Extracted records:

□ □ □ □

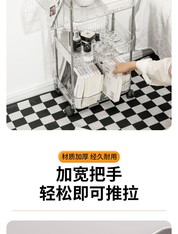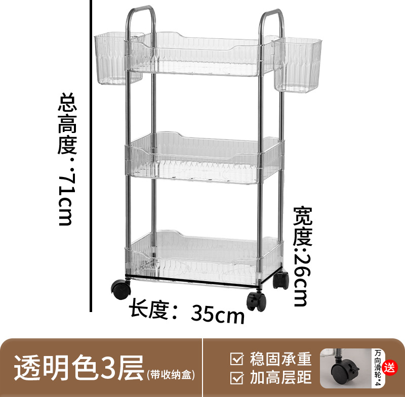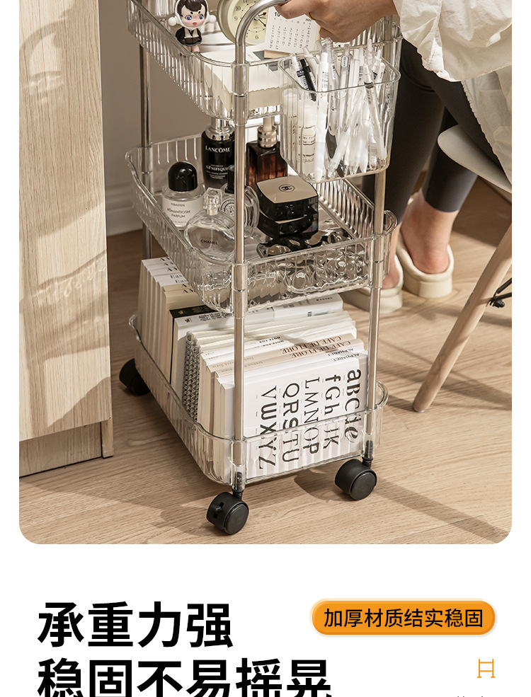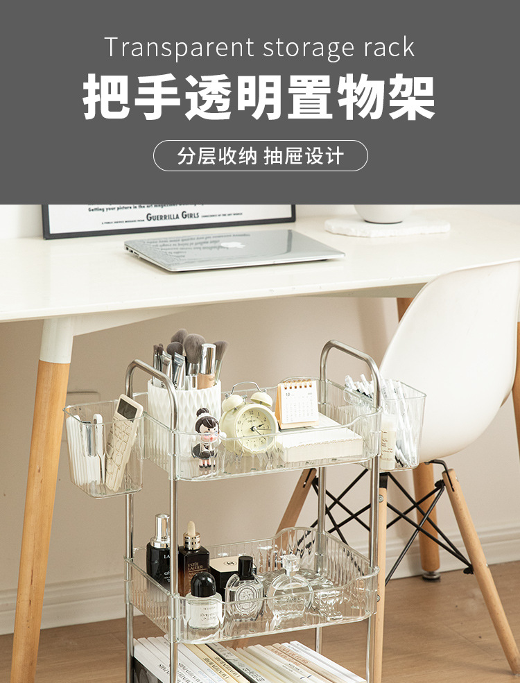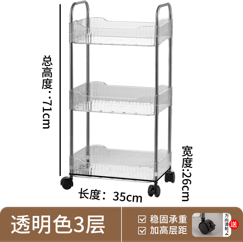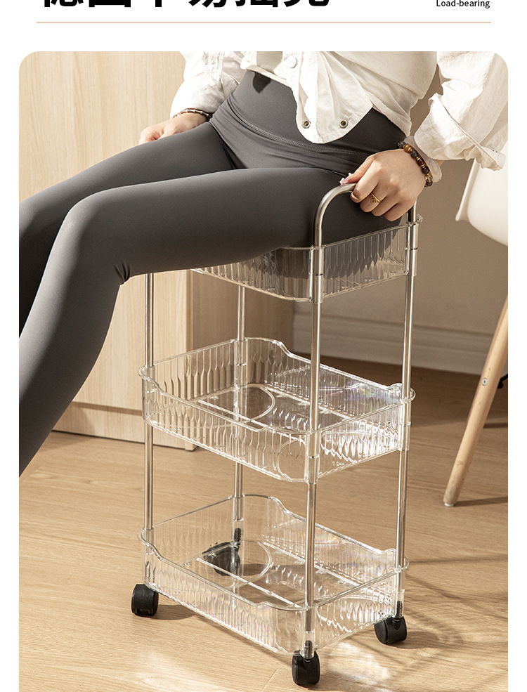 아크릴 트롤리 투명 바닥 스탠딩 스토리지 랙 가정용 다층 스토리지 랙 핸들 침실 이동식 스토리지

□ □ □ □

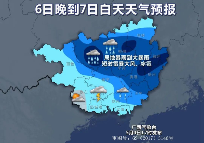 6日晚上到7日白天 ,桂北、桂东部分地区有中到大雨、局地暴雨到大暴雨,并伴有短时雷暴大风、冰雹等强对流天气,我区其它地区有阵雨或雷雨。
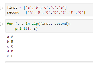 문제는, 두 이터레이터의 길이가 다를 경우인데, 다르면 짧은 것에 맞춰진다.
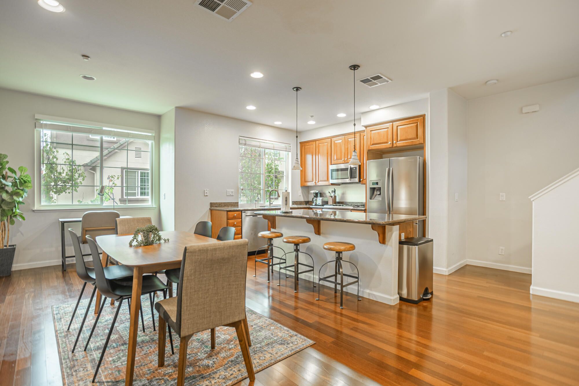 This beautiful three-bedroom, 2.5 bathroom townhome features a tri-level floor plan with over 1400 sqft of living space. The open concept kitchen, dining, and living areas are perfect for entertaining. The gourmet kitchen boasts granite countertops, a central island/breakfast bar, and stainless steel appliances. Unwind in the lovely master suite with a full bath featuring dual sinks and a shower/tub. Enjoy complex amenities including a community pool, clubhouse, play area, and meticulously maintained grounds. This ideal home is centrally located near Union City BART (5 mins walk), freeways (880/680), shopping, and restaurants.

□ □ □ □

Task requirements: Exact copy, pictures excluded: from the line with "6日晚上到7日白天 ,桂北、" up to and including the line with "문제는, 두 이터레이터의 길이가 다를 경우인데, 다르면 짧은 것에 맞춰진다." in the data above.

Exercise solution:
 6日晚上到7日白天 ,桂北、桂东部分地区有中到大雨、局地暴雨到大暴雨,并伴有短时雷暴大风、冰雹等强对流天气,我区其它地区有阵雨或雷雨。
 문제는, 두 이터레이터의 길이가 다를 경우인데, 다르면 짧은 것에 맞춰진다.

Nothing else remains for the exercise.